How to complete this task: From the line with "Uczestnicy Biegu dla" down to the final line of the material, please transcribe everything exactly, but leave the pictures out.
★ ★ ★ ★
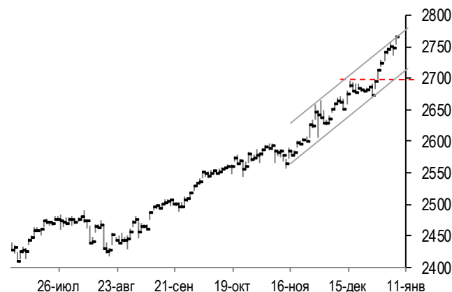
График фондового индекса S&P500 (daily)
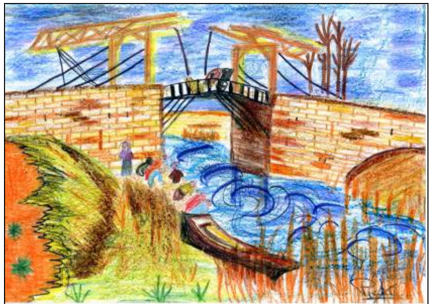
EL PUENTE DE ARLES

En este cuadro, pintado bajo el sol radiante del sur de Francia, Van Gogh utiliza los colores puros y crea un nuevo estilo alejado de las limitaciones de la pintura tradicional.
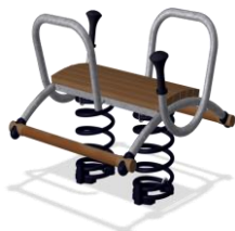
Качалка на двойной пружине
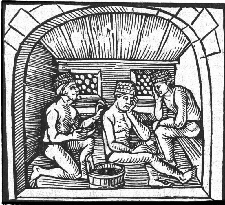
Badstube aus einem Kalender von 1515. Basel, Pamphilus Gengenbach. Darstellung des Schröpfens. Alle drei Personen tragen die aus Stroh verfertigten Badehüte.

rechnen, dass die Produkte der Freiämterstrohflechter damals schon qualitativ und preislich den Strohüten, wie sie in Zürich selbst und auf dem Rafzerfeld hergestellt wurden, überlegen waren. Schon die uns bekannten Aufzeichnungen im
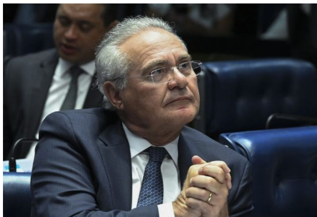
RENAN CALHEIROS fez acusações durante reunião da CCJ do Senado

Em pronunciamento, na 4ª passada, Renan Calheiros revelou conversa com o líder do governo no Senado, Randolfe Rodrigues (PT-AP). “Há pouco veio o líder do governo no Senado
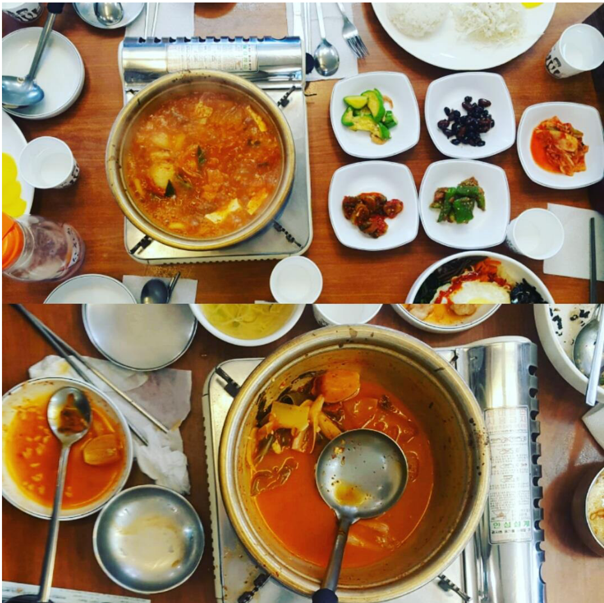
Kimchi-Eintopf, vor- und nach dem Essen. Koreanisches Essen ist oft sehr scharf. Ich liebe die Koreanische Küche.
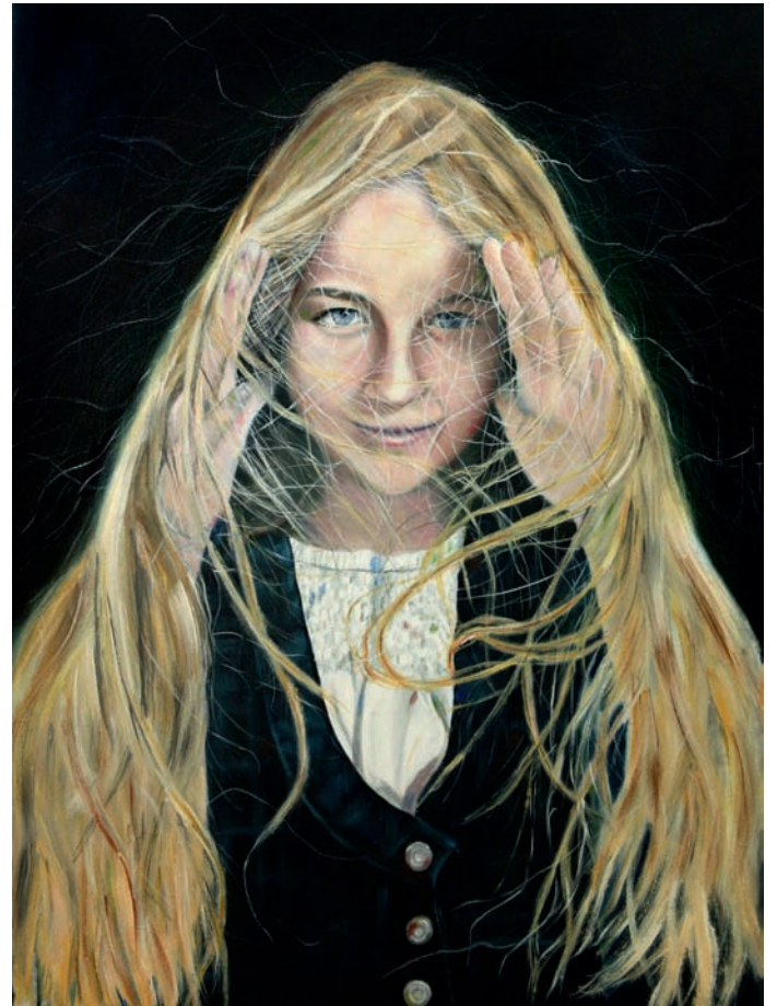
Lina 2011, Öl auf Leinwand, 80 × 60 cm
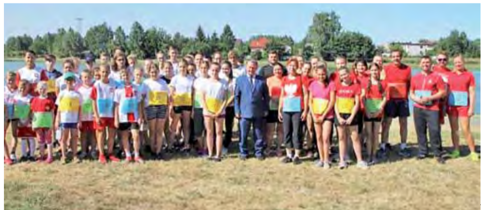
Uczestnicy Biegu dla Niepodległej stworzyli piękny biało-czerwony dywan wokół strykowskiego zalewu.
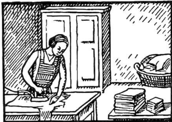
Während 2\frac{1}{2} Stunden bügeln.
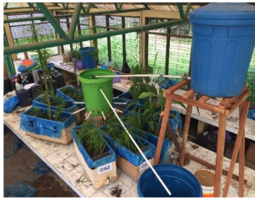
Gambar 1. Susunan Reaktor LBB-AHBP
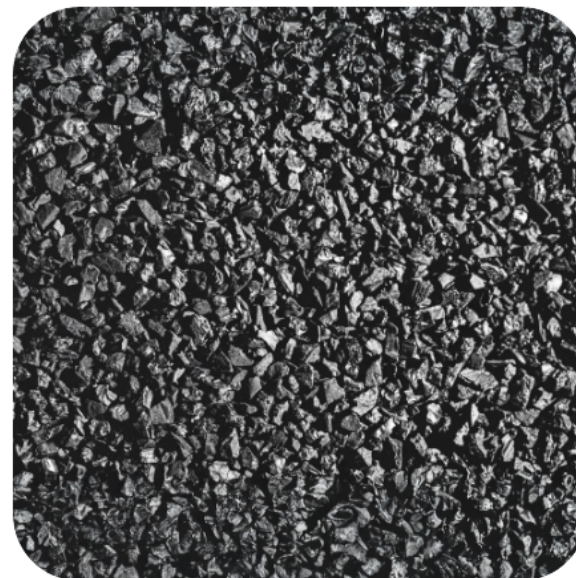
FILTRO A CARBONI ATTIVI
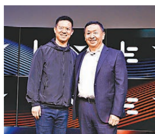
■ 樂視創始人兼 CEO 賈躍亭(左)和 Vizio 創始人兼 CEO 王蔚(右)。
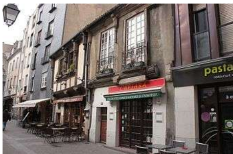
Maisons de la rue de la Bâclerie
★ ★ ★ ★
Result:
Uczestnicy Biegu dla Niepodległej stworzyli piękny biało-czerwony dywan wokół strykowskiego zalewu.
Während 2\frac{1}{2} Stunden bügeln.
Gambar 1. Susunan Reaktor LBB-AHBP
FILTRO A CARBONI ATTIVI
■ 樂視創始人兼 CEO 賈躍亭(左)和 Vizio 創始人兼 CEO 王蔚(右)。
Maisons de la rue de la Bâclerie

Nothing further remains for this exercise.